● **WHAT YOU ARE ASKED TO DO**:
Using the records below, write out again exactly the lines that begin at the line containing "- Suitable for: diesel, fuel" and end at the line containing "Gingerbread and Peppermints, Christmas", and no other lines.

● **TASK MATERIAL**:
========================================================================

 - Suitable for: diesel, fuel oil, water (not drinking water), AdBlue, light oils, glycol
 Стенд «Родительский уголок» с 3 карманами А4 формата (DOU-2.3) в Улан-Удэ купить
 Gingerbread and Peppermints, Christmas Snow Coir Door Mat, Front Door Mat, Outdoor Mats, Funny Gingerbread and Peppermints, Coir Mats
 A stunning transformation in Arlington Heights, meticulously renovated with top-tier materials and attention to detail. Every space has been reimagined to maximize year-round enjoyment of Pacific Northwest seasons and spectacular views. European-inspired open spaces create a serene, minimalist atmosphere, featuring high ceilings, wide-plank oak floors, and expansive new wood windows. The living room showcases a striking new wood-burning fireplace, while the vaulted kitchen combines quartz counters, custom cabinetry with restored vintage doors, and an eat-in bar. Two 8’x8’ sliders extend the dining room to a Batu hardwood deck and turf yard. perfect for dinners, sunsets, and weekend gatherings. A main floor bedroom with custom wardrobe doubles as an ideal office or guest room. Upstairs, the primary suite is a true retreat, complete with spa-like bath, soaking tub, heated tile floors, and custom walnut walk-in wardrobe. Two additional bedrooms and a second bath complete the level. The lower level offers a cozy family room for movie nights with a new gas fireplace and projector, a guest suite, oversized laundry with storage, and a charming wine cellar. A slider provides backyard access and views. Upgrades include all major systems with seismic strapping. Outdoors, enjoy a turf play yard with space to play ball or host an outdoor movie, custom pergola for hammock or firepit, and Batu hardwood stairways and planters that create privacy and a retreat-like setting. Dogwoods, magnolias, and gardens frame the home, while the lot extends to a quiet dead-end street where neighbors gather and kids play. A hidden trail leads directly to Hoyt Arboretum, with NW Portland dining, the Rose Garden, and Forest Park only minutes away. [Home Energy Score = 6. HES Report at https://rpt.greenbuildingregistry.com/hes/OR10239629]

========================================================================

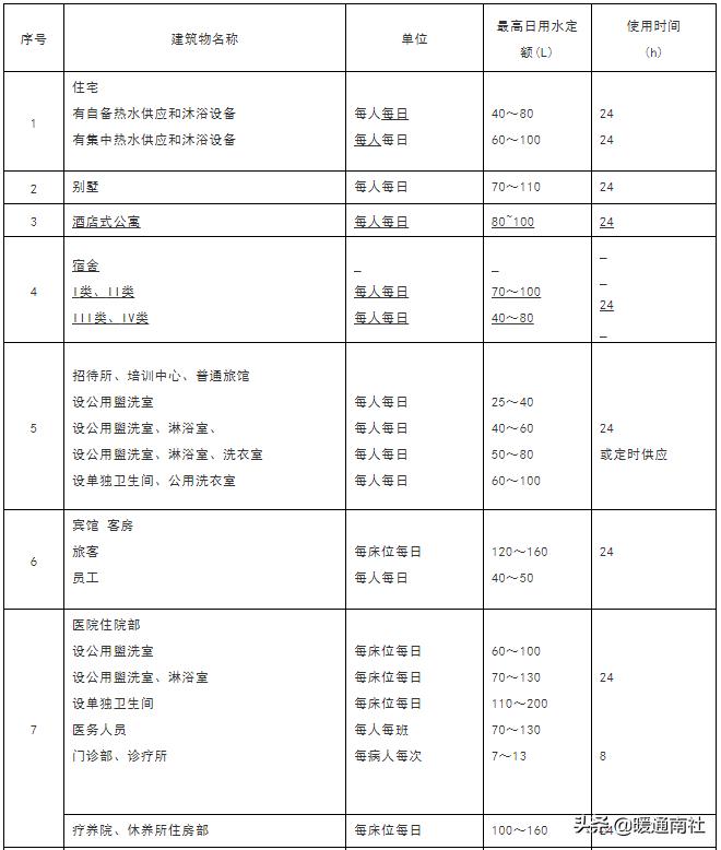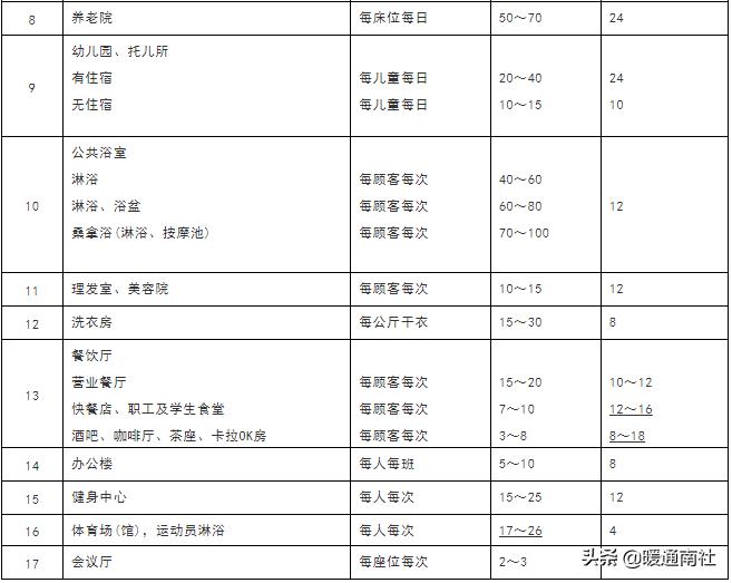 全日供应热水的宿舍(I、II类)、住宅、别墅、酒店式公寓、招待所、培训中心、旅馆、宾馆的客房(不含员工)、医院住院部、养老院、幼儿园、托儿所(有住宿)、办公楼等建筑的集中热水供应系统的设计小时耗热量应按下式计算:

========================================================================

● **TASK RESULT**:
 - Suitable for: diesel, fuel oil, water (not drinking water), AdBlue, light oils, glycol
 Стенд «Родительский уголок» с 3 карманами А4 формата (DOU-2.3) в Улан-Удэ купить
 Gingerbread and Peppermints, Christmas Snow Coir Door Mat, Front Door Mat, Outdoor Mats, Funny Gingerbread and Peppermints, Coir Mats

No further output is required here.